- _PROBLEM TO WORK ON_
Your copy should begin at the line containing "행사와 혜택에 대한 자세한" and end at the last line of the records; transcribe those lines exactly and leave out every picture.

(SUPPLIED ENTRIES Opens)

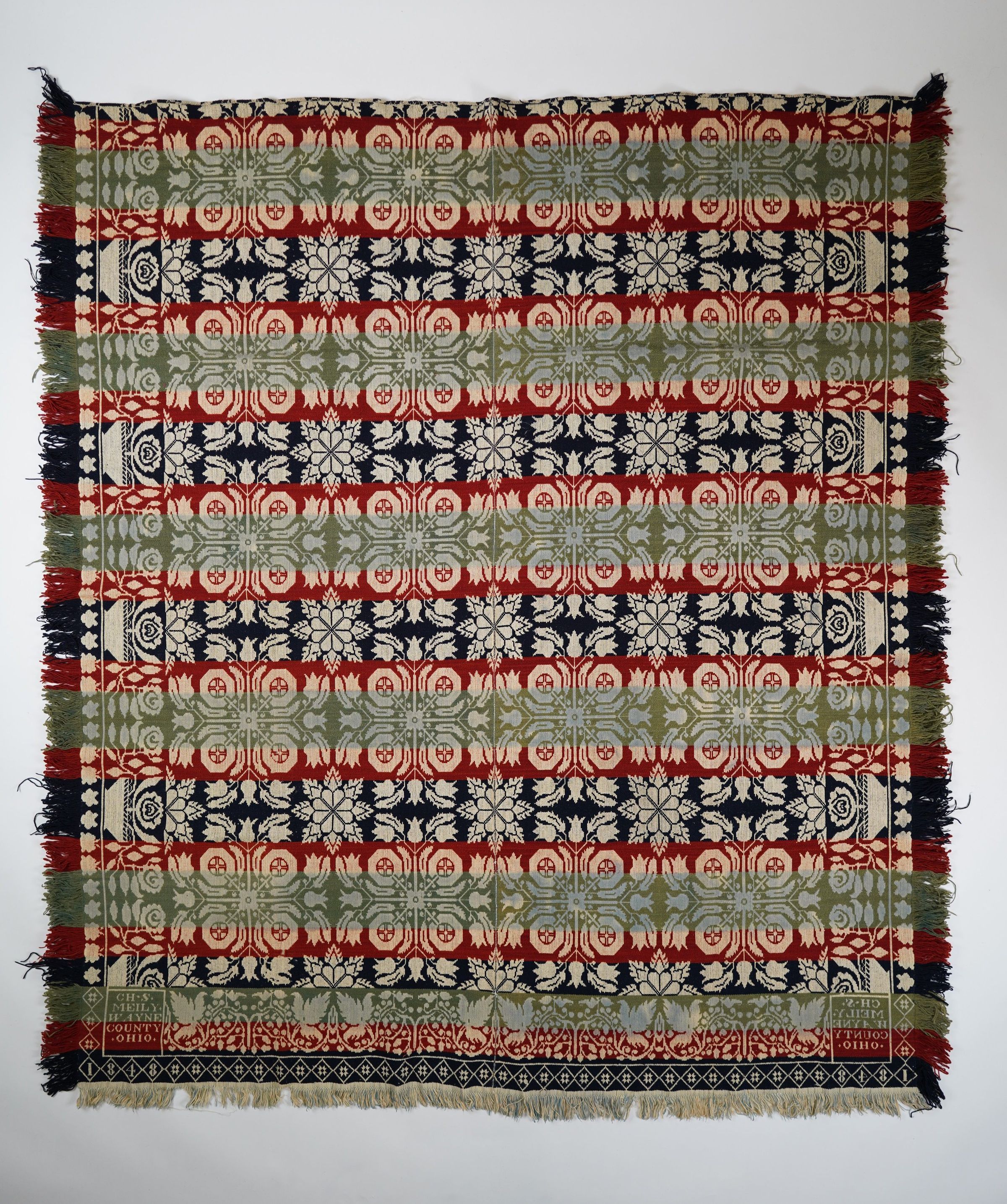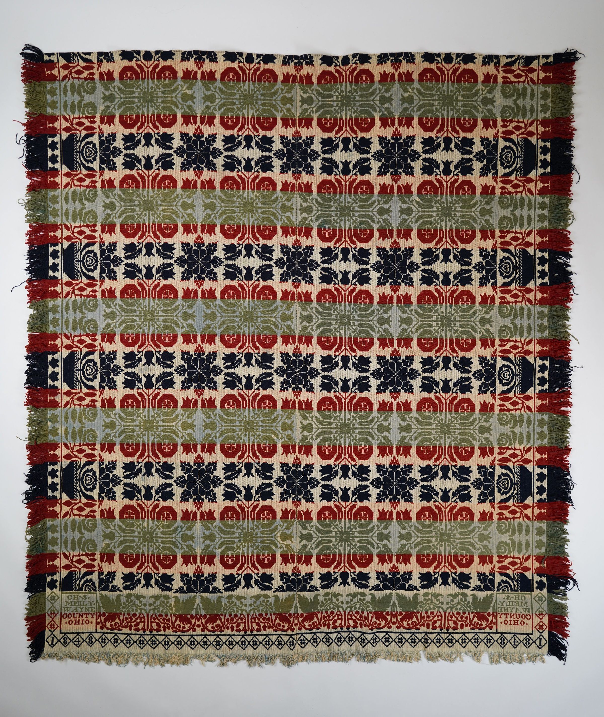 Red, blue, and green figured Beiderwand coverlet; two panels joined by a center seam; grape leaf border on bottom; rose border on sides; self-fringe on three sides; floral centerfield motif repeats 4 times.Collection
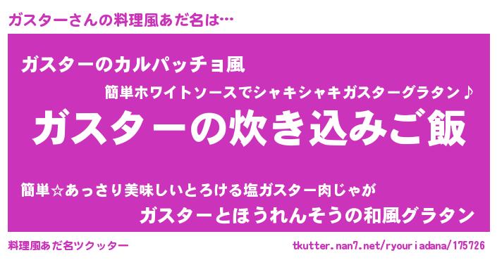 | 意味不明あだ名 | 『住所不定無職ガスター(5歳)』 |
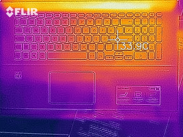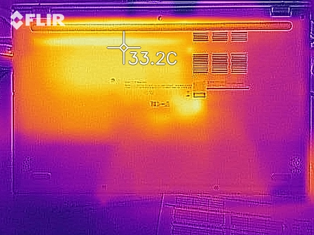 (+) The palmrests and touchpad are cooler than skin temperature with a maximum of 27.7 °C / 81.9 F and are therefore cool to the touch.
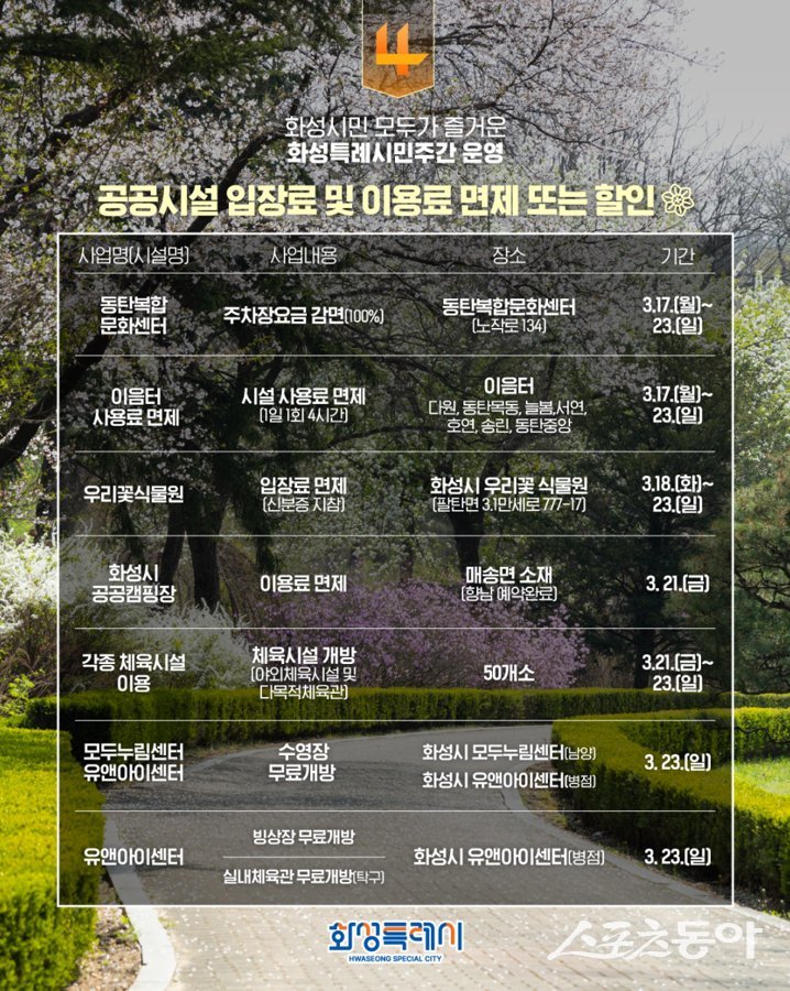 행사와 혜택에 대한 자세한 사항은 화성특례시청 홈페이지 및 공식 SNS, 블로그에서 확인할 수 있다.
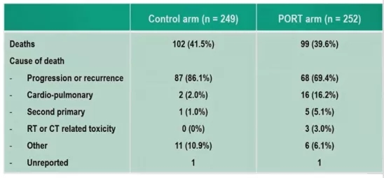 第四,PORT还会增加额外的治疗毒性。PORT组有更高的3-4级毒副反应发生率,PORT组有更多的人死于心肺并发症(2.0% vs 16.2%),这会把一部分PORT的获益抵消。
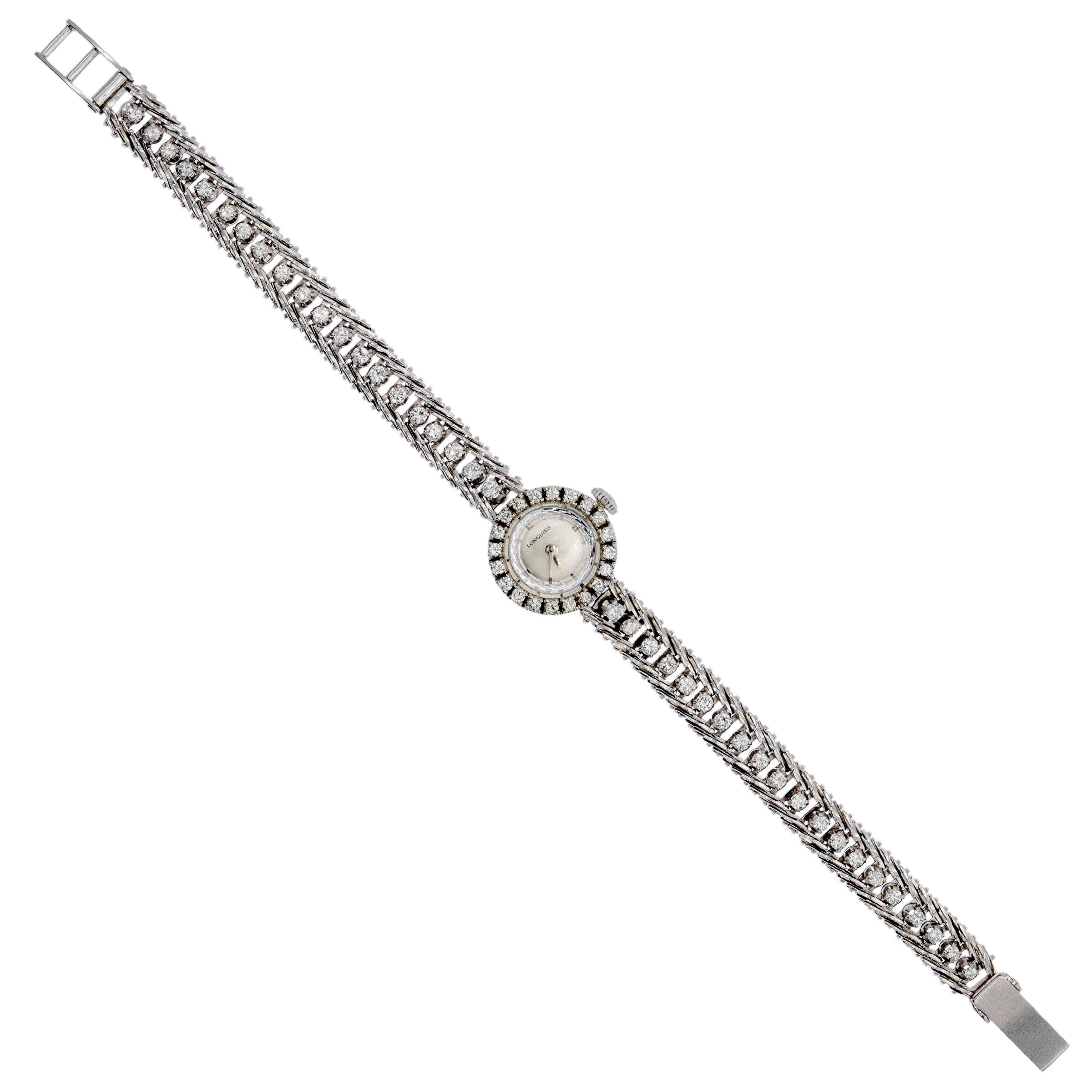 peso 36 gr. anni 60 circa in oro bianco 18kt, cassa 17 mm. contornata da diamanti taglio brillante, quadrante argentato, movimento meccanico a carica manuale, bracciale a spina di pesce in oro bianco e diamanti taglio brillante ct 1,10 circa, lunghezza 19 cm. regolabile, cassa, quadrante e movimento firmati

(SUPPLIED ENTRIES Closes)

- _REPLY_
 행사와 혜택에 대한 자세한 사항은 화성특례시청 홈페이지 및 공식 SNS, 블로그에서 확인할 수 있다.
 第四,PORT还会增加额外的治疗毒性。PORT组有更高的3-4级毒副反应发生率,PORT组有更多的人死于心肺并发症(2.0% vs 16.2%),这会把一部分PORT的获益抵消。
 peso 36 gr. anni 60 circa in oro bianco 18kt, cassa 17 mm. contornata da diamanti taglio brillante, quadrante argentato, movimento meccanico a carica manuale, bracciale a spina di pesce in oro bianco e diamanti taglio brillante ct 1,10 circa, lunghezza 19 cm. regolabile, cassa, quadrante e movimento firmati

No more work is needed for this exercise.